Воздаяние - Ольга Михайлова 16 стр.


- Петруччи шёл к власти и порой топтал людей. Но он топтал соперников-мужчин и даже пытался бороться с теми, кто сильнее, вроде Чезаре Борджа. Марескотти же просто утверждался в своих похотях - и всегда за счёт беззащитных женщин или слабейших мужчин. Я не Бог и не мне взвешивать их деяния, но у Пандольфо есть какой-то кодекс чести и он не обидит вдову и сироту. Просто по высокомерию, положим, но гордыня часто становится добродетелью, причем, единственной, людей власти: она мешает им превратиться в свиней и вынуждает вести себя по-людски. Хотя бы внешне.

- Но кто же тогда, по-вашему, мстит людям Марескотти?

Мессир Тонди усмехнулся.

- Как судачит толпа - дьявол, если же это человек - он стоит дьявола. Нам-то что до того?

Они расстались в сумерках у жилища Тонди и распрощались.

Альбино побрёл к дому Анны Фантони, но неожиданно в проулке заметил тень и, к своему изумлению, в лунном свете узнал Паоло Сильвестри. Тот крался вдоль стены, сжимая рукоять кинжала, потом свернул к северу от Кампо и исчез за углом. Альбино последовал за ним, повернул за угол и тут - ощутил удар по затылку. В глазах потемнело, его накрыла ночь.

…Очнулся Альбино, когда над ним склонились двое, и у одного из них на шляпе Альбино заметил черно-белый герб города. Второй откинул капюшон и спросил:

- Вы не ранены?

Альбино узнал Лоренцо Монтинеро, попытался подняться, и это ему удалось. Голова немного кружилась, но ничего не болело. На месте были кинжал и кошелек. Его не ограбили, только оглушили.

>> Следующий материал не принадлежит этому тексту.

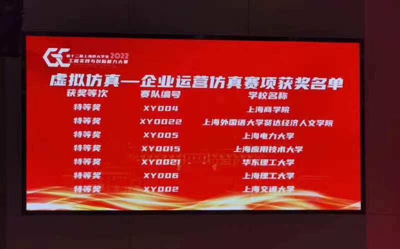 第十二届上海市大学生工程实践与创新能力大赛虚拟仿真赛道企业运营仿真赛项上海市赛于2022年12月17日在上海交通大学张江高等研究院成功举办。本次比赛由上海市教育委员会主办,上海交通大学(学生创新中心)承办,汇聚了来自上海交通大学、同济大学、上海大学、上海师范大学等18所上海高校的135支队伍。在我校教务处和工商管理学院(现代流通国家级实验教学示范中心)共同组织下,我校共有38支参赛队报名,通过校赛最终选出2支队伍参加市赛,经过一天激烈的比赛,我校获得了特等奖一组(指导老师:华君敏,洪贤方),二等奖一组(指导老师:华君敏,沈华夏),特等奖的参赛队将代表我校参加国赛(教育部主办的面向全国大学生开展的“三大赛事”之一)。
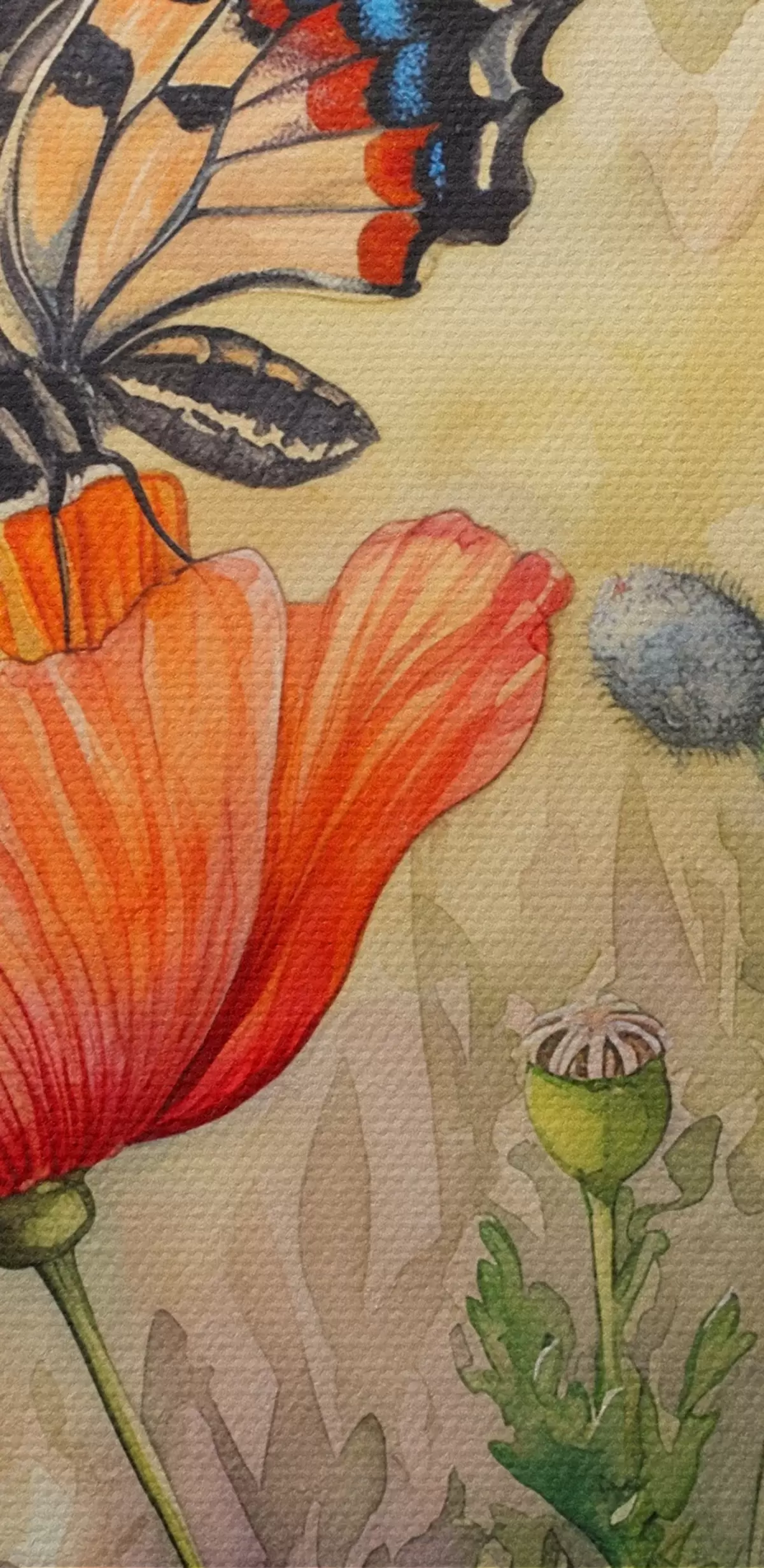 Gemälde Mohnfeld und Schmetterling Art. s38520
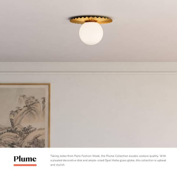 Plume 12 in. 1 Light 60-Watt Matte Black/Opal Matte Glass Flush Mount
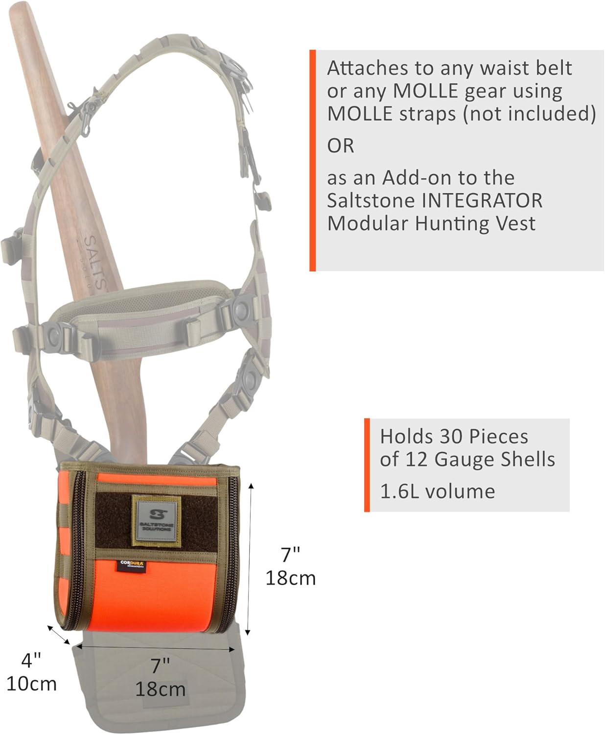 "The SALTSTONE Ammo Pouch is a compact, field-ready ammunition carrier designed to integrate perfectly with your SALTSTONE Integrator. Despite its lightweight profile, it offers 1.6 liters of secure storage — enough to carry 30 pieces of 12 gauge shells. What sets it apart is the innovative double rubber band entry system. Instead of relying on zippers or flaps, this smart design keeps your ammo accessible when needed — but automatically seals shut when the pouch is flipped or jostled. The weight of the ammo presses the opening closed, preventing accidental spills even during fast movements or when crawling through terrain. Built from rugged Cordura material, the pouch resists water, dirt, and wear. It attaches easily to either side of the Integrator vest and is available in Orange, Coyote, Green, and Brown."

- Нет, меня ударили по затылку и я больше ничего не помню, - ответил он. Альбино не сказал стражам закона о Сильвестри, подумав, что мог и ошибиться, а на вопрос, где он живет, назвал адрес монны Анны.

Прокурор посмотрел на него и бросил своему напарнику.

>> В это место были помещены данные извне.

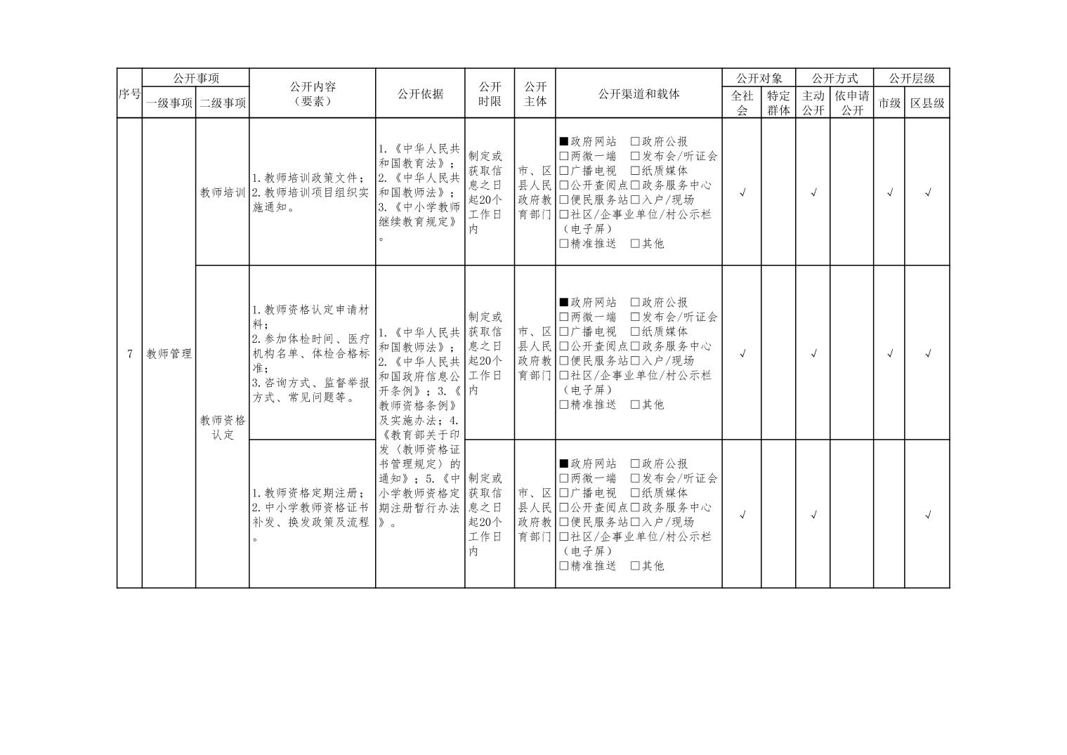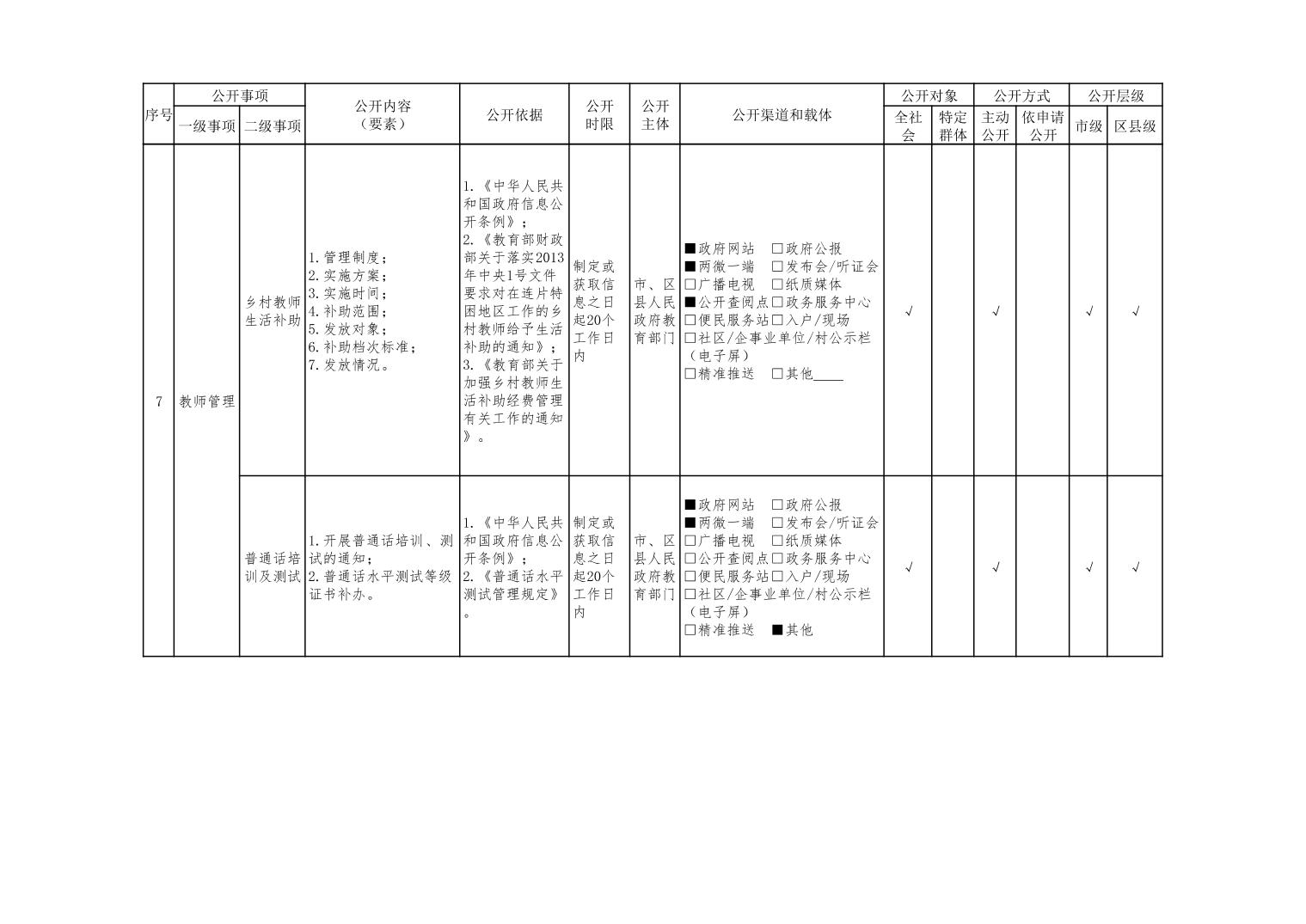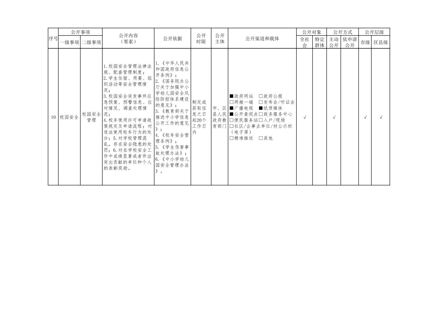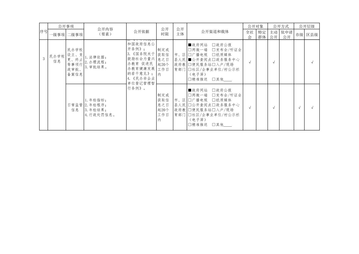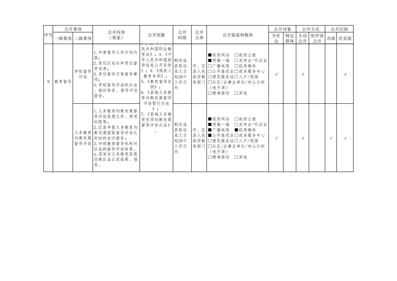 义务教育领域基层政务公开标准目录(2022年修订版)

- Пошли, Бернардо, проводим его, а оттуда доберёмся в обход до подестата. Того типа я все равно упустил.

- Странно, - пробормотал в ответ неизвестный Альбино Бернардо, - там же тупик… Куда он мог деться?

- Его могла ждать открытая дверь или уж он проворен, как кошка, и влез по стене на крышу. Там можно запрыгнуть на балкон над входом, а потом по винограду - дотянуться до крыши.

- Трюкач… - недоверчиво хмыкнул Бернардо, - быть того не может. Это обезьяной быть надо, а он тяжёл и неповоротлив.

- Да, такое не каждому по силам. А главное - зачем? Хотел запутать след?

- Вы… вы говорите о человеке, который ударил меня? - спросил Альбино.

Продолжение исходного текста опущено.